Before we learn anything about what is haunting Lois, the story of her misfortune is set up in the introduction of the story. Atwood sets up the story of something haunting Lois with the line,

Despite the fact that there are no people in them or even animals, it's as if there is something, or a someone, looking back out.

At this moment, we don’t understand the full meaning of this sentence, but it creates a sense of foreboding about what Lois feels looking at her in the paintings. It foreshadows the guilt she feels about Lucy’s death and the dreadful feeling of company she feels consistently following her through her life. That sense of never being alone is explained at the end of the story, when Lois says that Lucy follows her like a “shadow.”

There are a few instances of foreshadowing in the story of camp before Lucy goes missing.

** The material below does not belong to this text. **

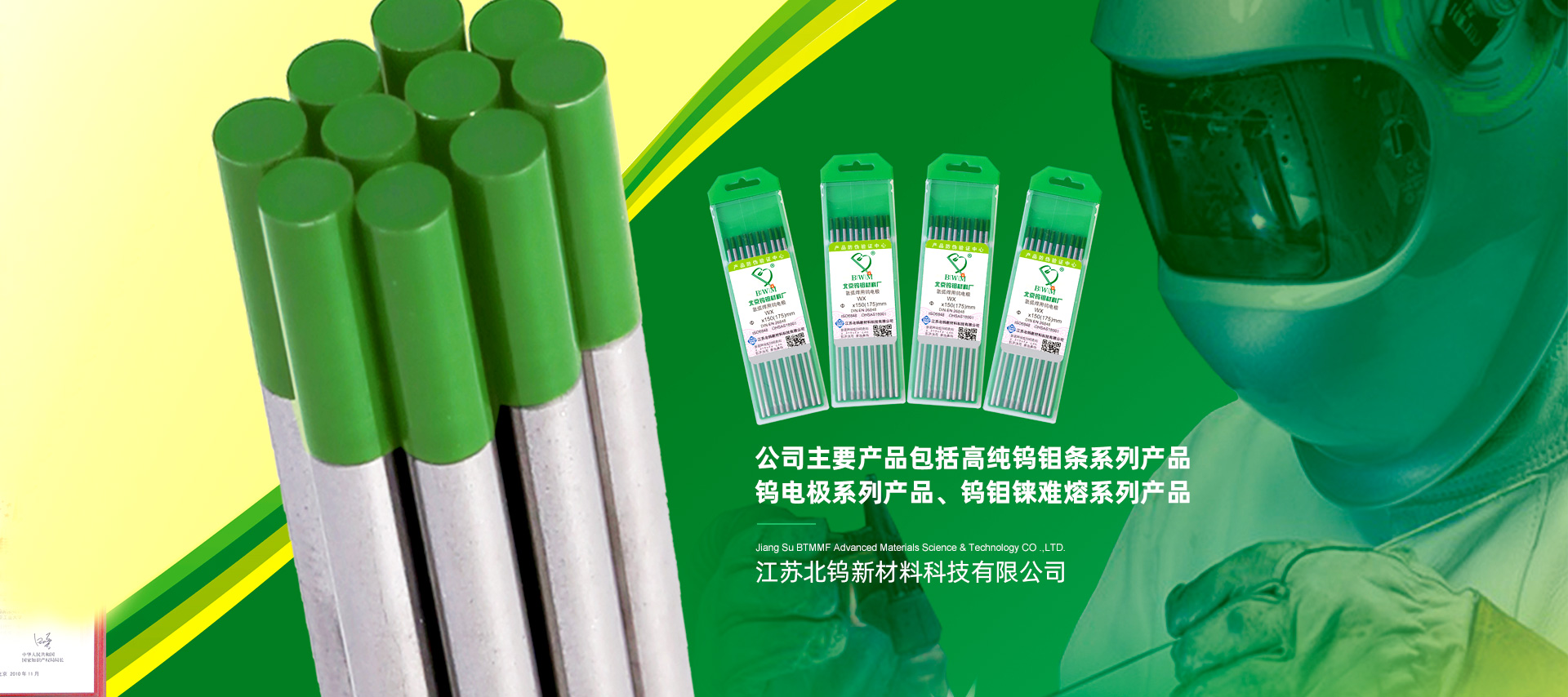 江蘇北鎢新材料科技有限公司(以下簡稱“公司”)是央企礦冶科技集團有限公司控股的三級企業,于2015年9月成立,注冊資本2000萬元,資產超億元。公司其前身是源于1964年的北京鎢鉬材料廠,2015年北礦新材科技有限公司鎢鉬產業整體轉移至江蘇省泰州市,成立控股子公司江蘇北鎢新材料科技有限公司。公司是國家高新技術企業,鎢電極國家標準第一起草單位。目前公司已通過ISO9001/ISO14001/ISO45001等體系認證。公司主要產品包括高純鎢鉬條系列產品、鎢電極系列產品、鎢鉬錸難熔系列產品。產品廣泛應用于航空航天、核能、電力等行業,并出口至歐美、俄羅斯、日本、東南亞等國家和地區,深受廣大客戶青睞。歡迎來電來函垂詢!

The first is when Lucy tells Lois that she doesn’t want to go home after camp is over. Lucy has experienced a hard set of circumstances at home recently, her parents had split up, and she disliked the people they had married. She tells Lois,

“It would be nice not to go back.”

“To camp?” Said Lois.

“To Chicago” Said Lucy, “I hate it there.”

The problems that Lucy faces, and her desire to not only break the rules but also get away foreshadows her disappearance—she wants to go somewhere else, anywhere else, rather than go home.

Later that day, when they were on their hike up to the lookout point, Lucy tells Lois that she wants to jump down into the water below. Lois tells her shes “nuts,” but this scene too foreshadows that Lucy might do something crazy—which could cause her disappearance.

The reason Lucy’s sudden disappearance haunts Lois is that she feels responsible. Despite the way she tells the story, others blame her of pushing Lucy off the cliff, and Lois is so distraught that she starts to question even her telling of the events. It is easy to understand then why she compulsively buys paintings that remind her of the scene, and why the ghost of Lucy follows her everywhere, through her entire life, and now fills the void of loneliness in her life.